Usually the newly turned were eased into drinking fresh blood straight from the source. They’d be taught to endure the thirst, to control it in case they had to go without to stay safe. But once you get a taste for killing, you always want more. Then no one is safe.
To allow creatures like these to feed without restraint meant mistakes would be made. If the body count suddenly began to rise, the Council would notice. And, if they did, so would the human government. Blame would be placed solely on the Council, and they wouldn’t like that.
If the children couldn’t learn to feed without killing, they would be punished. Alex hoped they could be rehabilitated. This wasn’t their fault. It was Creed’s. And, for his misconduct, he might be executed. That thought filled Alex with a strange sort of pity—not that she hadn’t wished Creed harm, but that was a long time ago. Now, to think that she held the power to bring about his demise, Alex felt a little scared of the possibility.
“Well,” Alex said as she turned into the private drive of her house, “if there’s nothing else, I’ve got work to do with my team.”

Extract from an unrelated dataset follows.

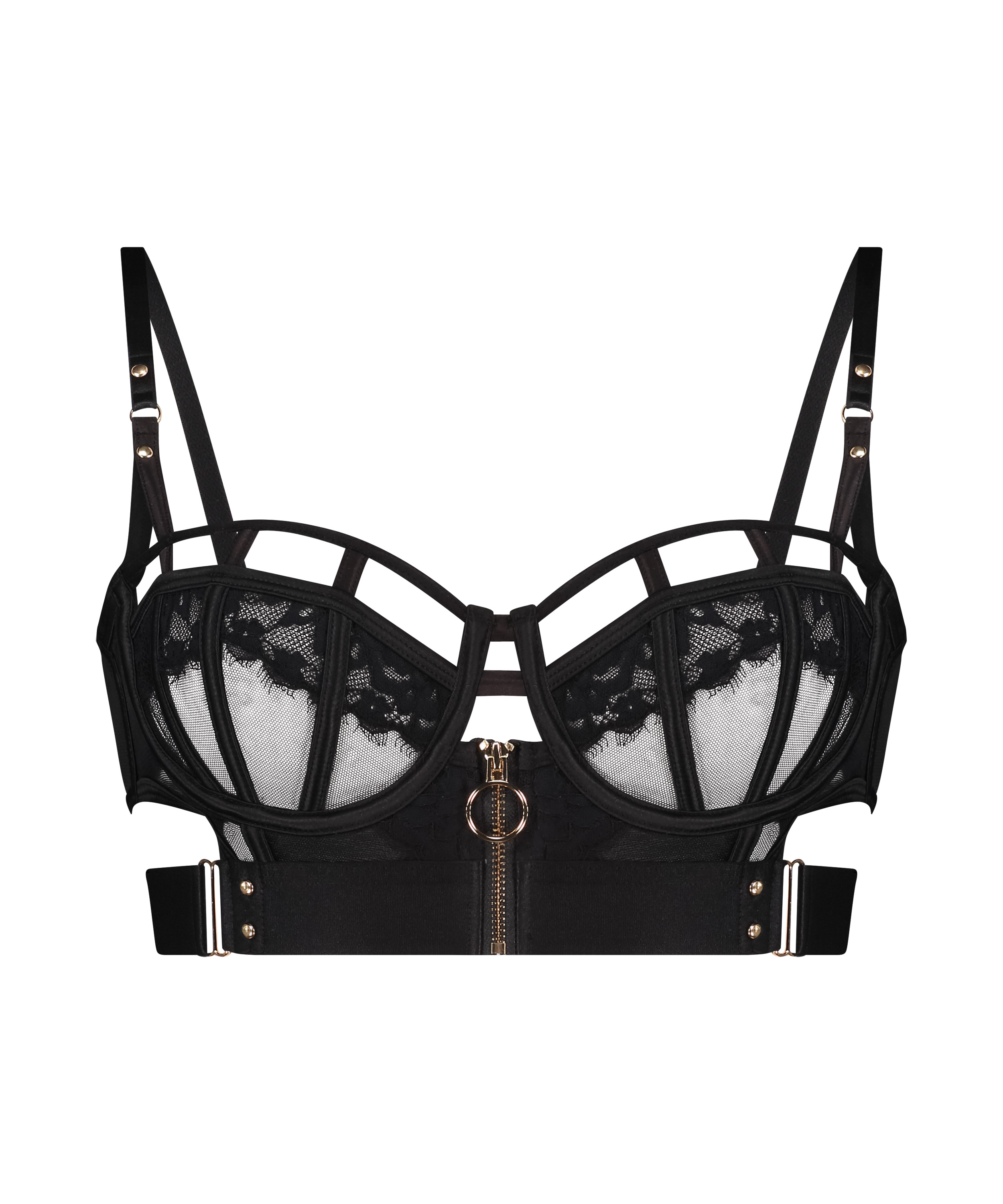 Ce soutien-gorge crée un look super sexy ! Le soutien-gorge n'est pas préformé et possède des armatures. La dentelle et les détails dorés complètent votre look ! À combiner avec des articles assortis pour obtenir un ensemble complet. Article de la collection Private.

“No, we’ll take it from here,” Ramsey’s perpetual snide tone scratched at her nerves. “Try not to kill any of them until after the conference.”
Before she could throw as many curse words as she knew at him, he was gone. The smartphone in her hand held her entire work life, so crushing it in her grip would not be a good idea. As she pulled up to the front door, all she wanted was a good workout, a stiff drink, and a long night’s sleep. Maybe she’d skip the workout.